Otras regiones

La posible candidatura de Alofoke expone el riesgo de convertir la política en espectáculo

junio 24, 2026 · Redactor
La posible candidatura de Alofoke reabre el debate sobre la crisis de representación en República Dominicana
Foto: acento.com.do

La eventual candidatura de Santiago Matías, Alofoke, reabre el debate sobre la crisis de representación, pero también sobre el riesgo de que la política dominicana se reduzca a popularidad, espectáculo y exposición mediática.

La eventual candidatura de Santiago Matías, conocido como Alofoke, ha reabierto una discusión que va más allá del desencanto con los partidos tradicionales. El caso vuelve a poner sobre la mesa una pregunta de fondo: si una figura de alta exposición pública, pero sin trayectoria política conocida, puede ser presentada como respuesta a la crisis de representación sin convertir la contienda en un ejercicio de política-espectáculo.

La conversación surge en un contexto en el que una parte de la ciudadanía, sobre todo joven, dice no sentirse reflejada en las estructuras partidarias tradicionales. Ese malestar existe y explica por qué figuras externas a los partidos captan atención y adhesión. Pero la popularidad, por sí sola, no sustituye la capacidad de gobernar, ni la preparación institucional, ni el conocimiento requerido para administrar el Estado con resultados verificables.

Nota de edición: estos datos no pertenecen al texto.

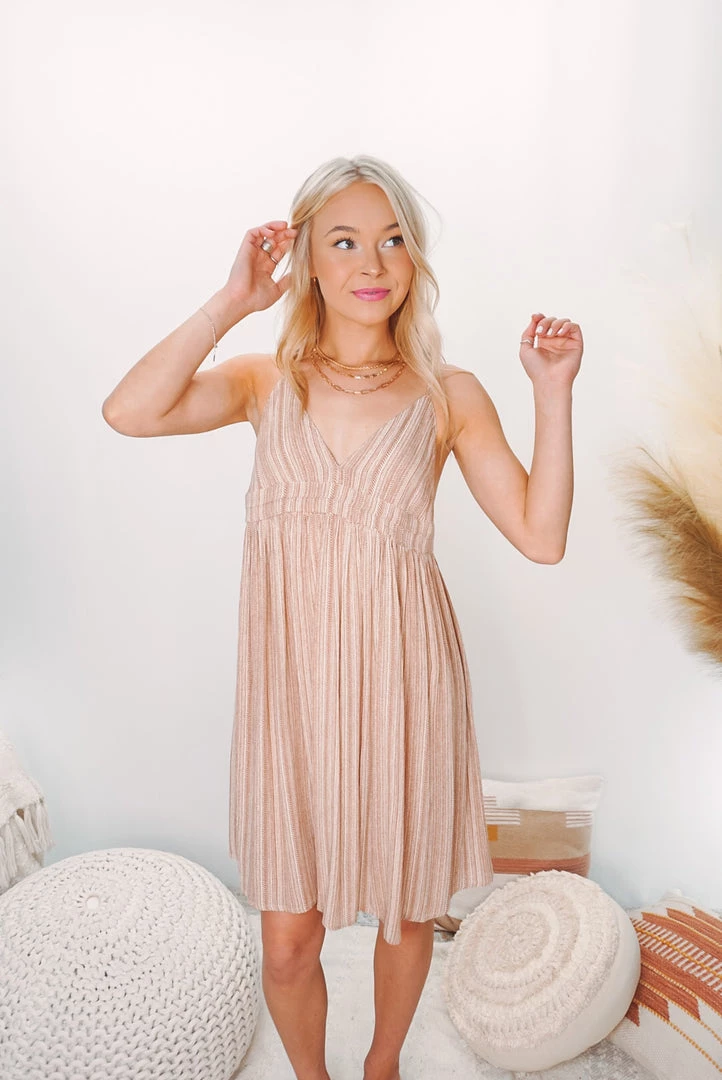 Simple yet so sweet! The Taliana Dress features a swing style silhouette, v neckline, adjustable cami straps, racer back detailing, subtle tribal print, and a relaxed fit. Pair with sandals or boots for an effortless summer style!

En ese sentido, la discusión sobre Alofoke no debería reducirse a la simpatía que despierta ni a una reacción defensiva de los partidos. También obliga a examinar qué ofrecen las organizaciones políticas para recuperar credibilidad, cómo responden a la desconexión ciudadana y por qué la renovación no puede descansar únicamente en la notoriedad mediática o en la lógica del entretenimiento.

La candidatura de una figura outsider puede expresar rechazo al sistema, pero no resuelve por sí misma los problemas de representación ni garantiza mejor gestión pública. Si el debate se centra solo en el impacto mediático, la democracia corre el riesgo de confundir visibilidad con capacidad de الدولة? No, de Estado.

Por eso, más que celebrar o descartar la posibilidad, el país necesita una conversación seria sobre el tipo de liderazgo que exige la Presidencia: rendición de cuentas, experiencia, claridad programática y responsabilidad frente al interés público. En una etapa de desgaste de los partidos, la salida no puede ser reemplazar las debilidades del sistema con una candidatura basada únicamente en popularidad.